# Reason for leaving : start a family



## laylalowman (Jan 24, 2013)

I know employers don't want to hear that you left your previous employer to have a kid then you took a year off (gap in employment) and then started a company with partner then went back to school and here I am.  So how do you answer reason for leaving was to have a child and stay home with him for a year but done with kids and they are in school now?!?!


----------



## Pam Brooks (Jan 25, 2013)

I don't believe that employers "don't want to hear" that you took time off to raise a family. You should be honest about your dates of unemployment and why you were not working outside the home. That's a perfectly reasonable explanation. What I will tell you, however, that knowing you have children, the employer will want to make sure you have solid daycare solutions and a backup plan. We can't ask this stuff of course, but it doesn't hurt to mention that you have reliable day care, a plan B and even a plan C. Nothing is more annoying for a manager than to have an employee with kid issues that repeatedly keep them out of the workplace. 

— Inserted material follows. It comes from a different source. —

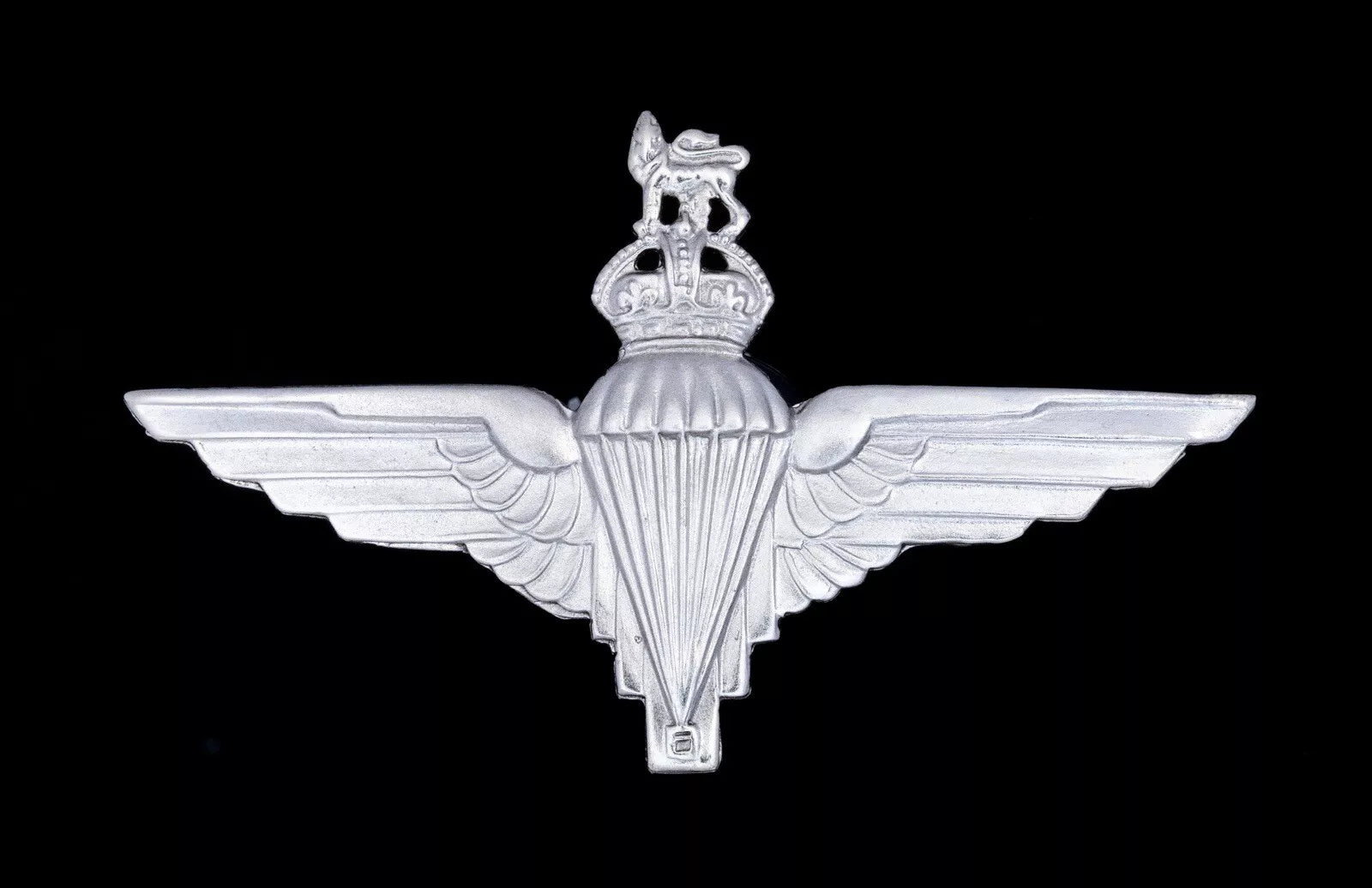 Upon a spread of wings an open Parachute above the royal crest.

You can point out that you're in a place where you are able to focus on a career....the kids are situated, you have the time and enthusiasm for a new career, you have a good support system, and have taken the steps to insure that you are successful. You can use your business creation as an example of your entrepreneurial experience, and that you were able to juggle this with the demands of raising a young family. It doesn't hurt to say that you are 'done' with kids.....every hiring manager worries if an employee is going to be pregnant every second year, which we certainly can't control, nor can we discriminate. Your job will be to reassure hiring managers that you have your outside life under control and that you will be 100% invested in the work you'll be hired for.  Good luck!


----------